Another commonly used approach. Another database is placed between the server and the DBMS, which stores all its data only in memory. It is also called In-Memory-DB. If you have many different servers accessing the same database, then using In-Memory-DB you can organize caching based on the type of a particular server.

Example:

Approach 4 - database cluster . Several read-only bases.

Another solution is to use a cluster: several DBMSs of the same type contain identical data. At the same time, you can read data from all databases, and write to only one. Which is then synchronized with the rest of the databases.

This is a very good solution because it is easy to configure and works in practice. Usually, for one request to the database to change data, 10-100 requests for reading data come to it.

Types of caching in Hibernate

Hibernate supports three levels of caching:

  • Caching at the session level (Session)
  • Caching at the SessionFactory level
  • Caching requests (and their results)

You can try to represent this system in the form of such a figure:

The simplest type of caching (also called the first level cache ) is implemented at the Hibernate session level. Hibernate always uses this cache by default and cannot be disabled .

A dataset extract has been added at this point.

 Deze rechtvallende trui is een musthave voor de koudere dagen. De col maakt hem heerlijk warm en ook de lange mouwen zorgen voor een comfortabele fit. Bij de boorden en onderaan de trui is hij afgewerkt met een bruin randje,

Let's immediately consider the following example:

Employee director1 = session.get(Employee.class, 4);
Employee director2 = session.get(Employee.class, 4);

assertTrue(director1 == director2);

It may seem that two queries to the database will be executed here, but this is not so. After the first request to the database, the Employee object will be cached. And if you query the object again in the same session, Hibernate will return the same Java object.

The same object means that even object references will be identical. It's really the same object.

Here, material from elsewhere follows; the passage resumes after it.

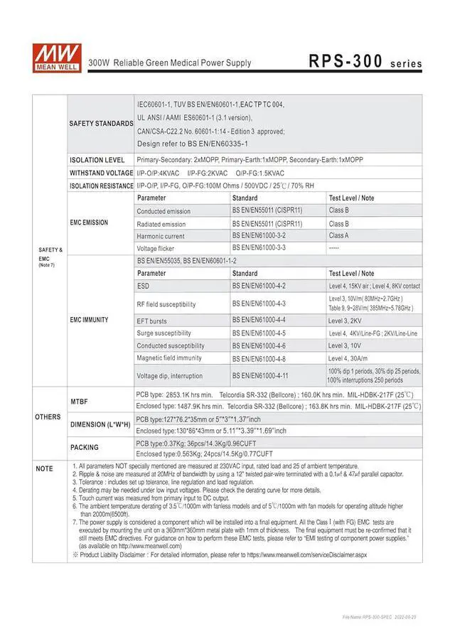 Medical safety approved (2 x MOPP) according to ANSI/AAMIES60601-1 and IEC/BS EN/EN60601-1

The save() , update() , saveOrUpdate() , load() , get() , list() , iterate() , and scroll() methods will always use the first level cache. Actually, there is nothing more to add.

Second level caching

If the first level cache is bound to the session object, then the second level cache is bound to the session object.SessionFactory. Which means that the visibility of objects in this cache is much wider than in the first level cache.

Example:

Session session = factory.openSession();
Employee director1 = session.get(Employee.class, 4);
session.close();

Session session = factory.openSession();
Employee director2 = session.get(Employee.class, 4);
session.close();

assertTrue(director1 != director2);
assertTrue(director1.equals(director2));

In this example, two queries will be made to the database. Hibernate will return identical objects, but it won't be the same object - they will have different references.

Second level caching is disabled by default . Therefore, we have two queries to the database instead of one.

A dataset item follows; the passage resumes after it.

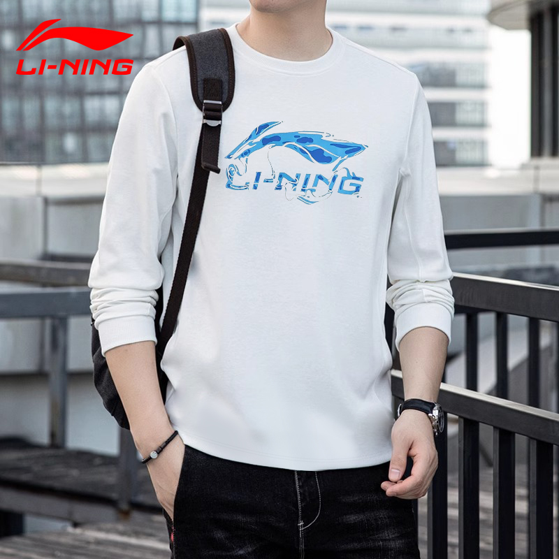 李宁黑色卫衣男春秋季新款上衣薄款宽松休闲圆领透气长袖运动外套
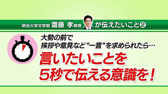 「大勢の前で挨拶などをするときに備えて、言いたいことは5秒で伝える訓練を。そうすると、『えーと』や『あのー』などが減って相手に伝わりやすくなる」という齋藤先生の主張に従い、スタジオではお題に合わせて5秒間スピーチに挑戦しました。

To enable it, you need to write the following lines in the hibernate.cfg.xml file:

<property name="hibernate.cache.provider_class" value="net.sf.ehcache.hibernate.SingletEhCacheProvider"/>
<property name="hibernate.cache.use_second_level_cache" value="true"/>

After enabling second-level caching, Hibernate behavior will change a bit:

Session session = factory.openSession();
Employee director1 = session.get(Employee.class, 4);
session.close();

Session session = factory.openSession();
Employee director2 = session.get(Employee.class, 4);
session.close();

assertTrue(director1 == director2);

Only after all these manipulations will the second-level cache be enabled, and in the example above, only one query to the database will be executed.